The same is true of the Mosaic legislation which Dr. Budde curtly dismisses as impossible to have come from Moses, [Footnote: Religion of Israel to the Exile, 31.] as presupposing a knowledge of a settled agricultural life, which “Israel did not reach until after Moses’ death.”
All this is an assumption of fact unsupported by evidence; but quite the contrary, as we can see by an examination of the law in question. Whatever may have been the date of the establishment of the cities of refuge, I suppose that it will not be seriously denied that the law of the covenant as laid down in Exodus XX, 1, Numbers XXXV, 6, is at least as old as the age of Moses, in principle, if not in words; and this legal principle is quite inconsistent with, if not directly antagonistic to, all the prejudices and regulations, moral, religious, or civil, of a pure nomadic society, since it presupposes a social condition which, if adopted, would be fatal to a nomad society.

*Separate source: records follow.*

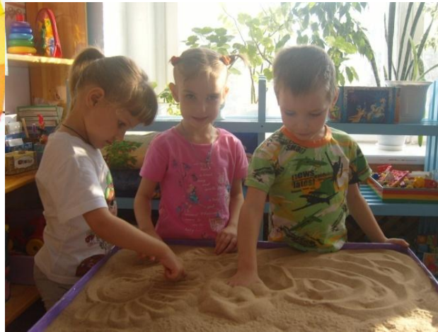
«Рисование на песке»
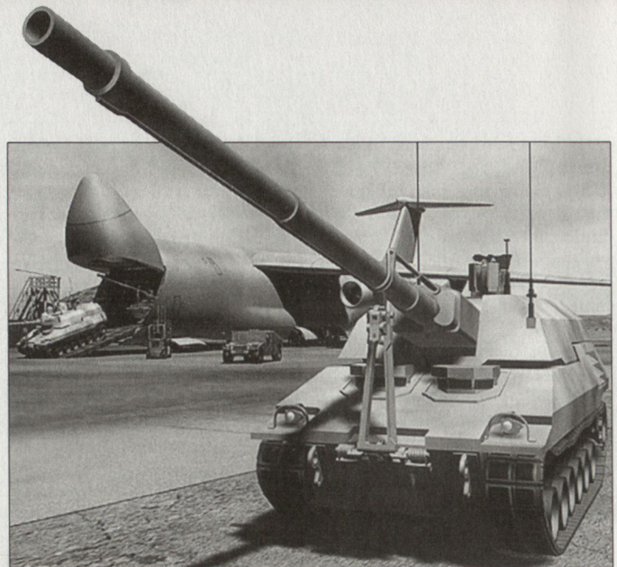
Nach anfänglichem Widerstand dürfte die Streichung des «Crusader»-Programms Tatsache werden.

Die autonom vorgehenden taktischen Kampfgruppen konnten bisher nur beschränkte Erfolge vorweisen. Unter dem feststellbaren energischen Vorgehen russischer Spezialkräfte leidet weiterhin vor allem die einheimische Zivilbevölkerung. Daraus entsteht ein weiter zunehmender Hass gegenüber russischen Soldaten sowie eine generelle antirussische Stimmung in der Region. Den tschetschenischen Rebellen wird dadurch die Rekrutierung von Kämpfern erleichtert. hg
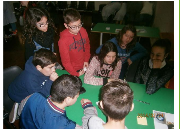
Reunions dels POTs (delegats d'A21E de 1r d'ESO a 2n d'ESO), Skamot (promotors d'A21E, 3r i 4t d'ESO) i professorat. És l'òrgan gestor del projecte.
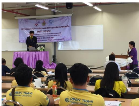
ภาพที่ 1 พิธีเปิด การฝึกอบรมปฏิบัติการฯ
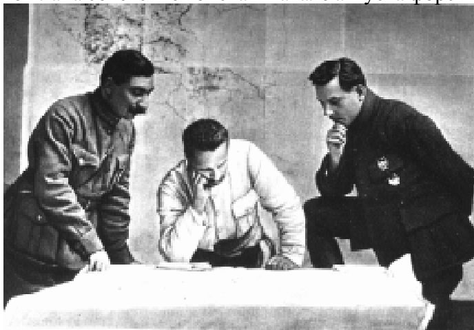
К. Е. Ворошилов, М. В. Фрунзе, С. М. Будённый над картой военных действий. 1920 год

13 августа началось восстание против советской власти под предводительством А. С. Антонова, охватившее всю Тамбовскую губернию. Съезд тамбовских повстанцев объявил советскую власть низложенной. В восстании участвовало до 15 тысяч человек, а в январе 1921 г. — более 50 тысяч человек. Советское правительство было вынуждено привлечь к борьбе с «антоновщиной»
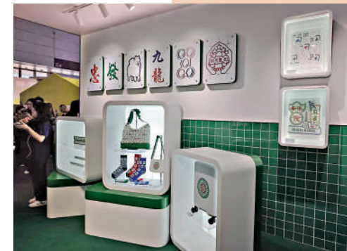
▲香港品牌一筒展示麻將主題的文創產品。
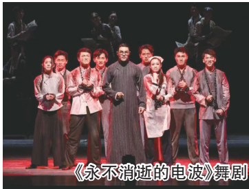
《永不消逝的电波》舞剧

盐城市博物馆新开《神都风韵——洛阳唐三彩专题展》《穹顶下的银辉——奥地利古堡银器艺术展》两大精品展；现象级舞剧《永不消逝的电波》剧场爆满；沉浸式实景演艺《天仙缘》升级回归；《只有爱·戏剧幻城》天天加演。珠溪古镇依托《镜花缘》故事打造的互动演出兼具国潮风与奇幻性，深受年轻人青睐。
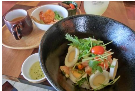
カフェ丼ランチ(5種の丼メニューから選ぶ) ¥1100 〔左:カフェロコ丼 右:タコライス〕
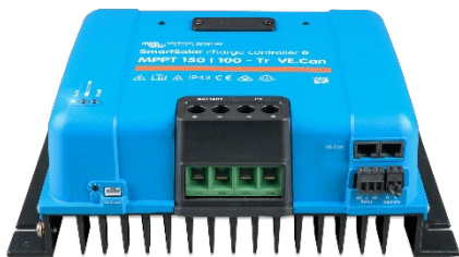
Controlador de carga SmartSolar MPPT 150/100-Tr-VE.Can sin pantalla
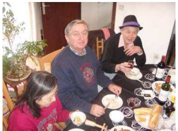
2 bánh chung et 2 Saint Emilion , mine de rien ...
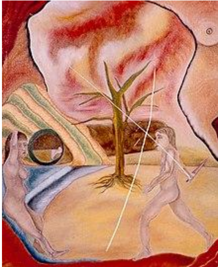
La femme adultère peinture à l'huile sur toile par David Damour

Certaines de ses œuvres sont parfois comparé à Balthus : surtout les plus classiques et figuratives.
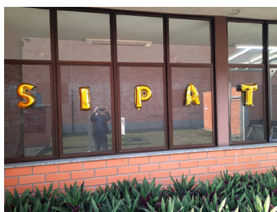
Semana SIPAT na All4Labels Gráfica do Brasil.
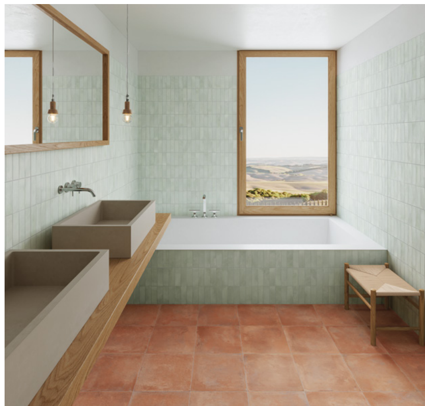
Deco Biscuit Green 32x62,5 / 12,6"x24,6" · Saona Cotto 33,15x33,15 / 13,1"x13,1"
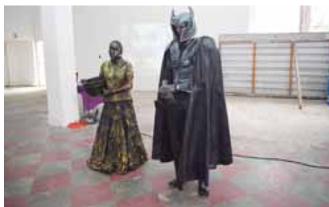
Las estatuas vivientes de Proyecto Teatral Futuro participaron en el recorrido por la instalación de la histórica edificación.
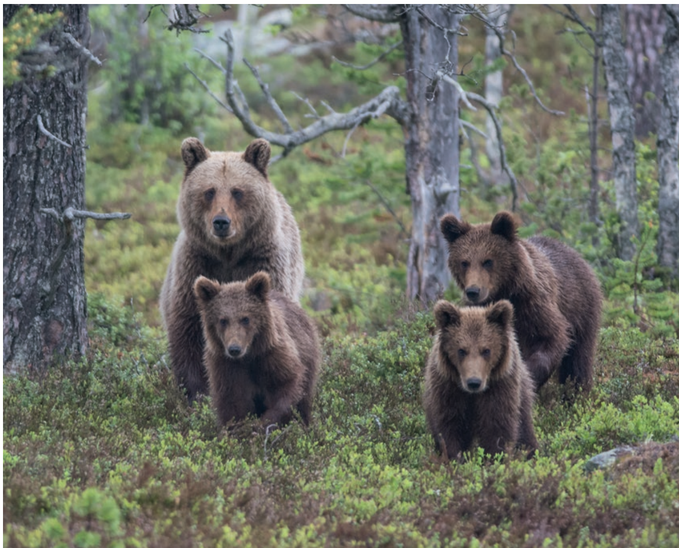
Bjørnebinne med tre fjorårsunger fotografert nordvest for Gutulivollen i Gutulia nasjonalpark i juni 2014.

Utgiver: Nasjonalparkstyret for Femundsmarka og Gutulia Juni 2018
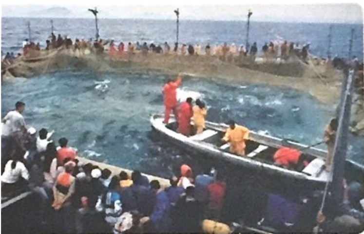
Almadraba en la actualidad.

En el Estrecho la pesca siempre ha sido muy abundante, especialmente en verano, cuando los atunes emigran desde el Atlántico al Mediterráneo. Como se sigue haciendo en nuestros días en la costa de Cádiz, los habitantes de la zona aprovechaban esta época para capturarlos mediante el arte de la almadraba .
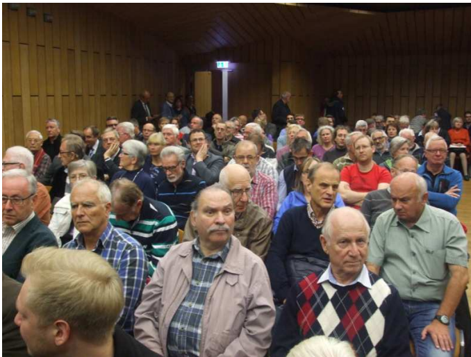
Infoveranstaltung vom 11.11.2015 der Stadt Erlangen zur Straßenumlaufbahn (StUB)
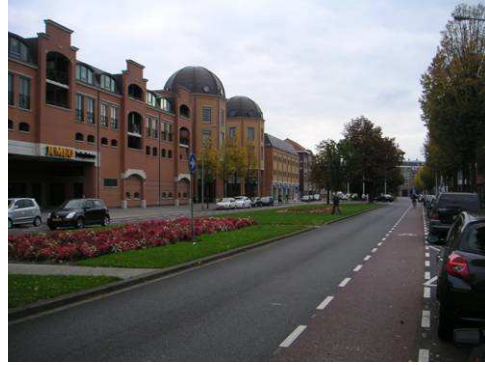
Ursulinencomplex aan de Wilhelminasingel
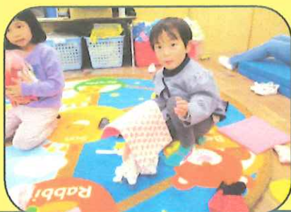
メルちゃんのお世話しているよ

The true nomad knows no criminal law save the law of the blood feud, which is the law of revenge, and which prevailed among the Hebrews much earlier. In the early Saxon law it was expressed by the apothegm “Factum reputabitur pro volunte.” The act implies the intent. That is to say, the tribe is an enlarged family who, since they have no collective system of sovereignty which gives them common protection by an organized police, and courts with power to enforce process, have no option but to protect each other. Therefore, it is incumbent on each member of the tribe or family to avenge an injury to any other member, whether the injury be accidental or otherwise; and to be himself the judge of what amounts to an injury. Such a condition prevailed among the Hebrews at a very early period; “And God blessed Noah and his sons, and said unto them: … at the hand of every man’s brother will I require the life of man. Whoso sheddeth man’s blood, by man shall his blood be shed.” [Footnote: Gen. IX, 1, 5, 6.] These customs and the type of thought which sustain them are very tenacious and change slowly. Moses could not have altered the nomadic customs of thought and of blood revenge, had he tried, more than could Canute. It would have been impossible. The advent of a civilized conception of the law is the work of centuries as the history of England proves.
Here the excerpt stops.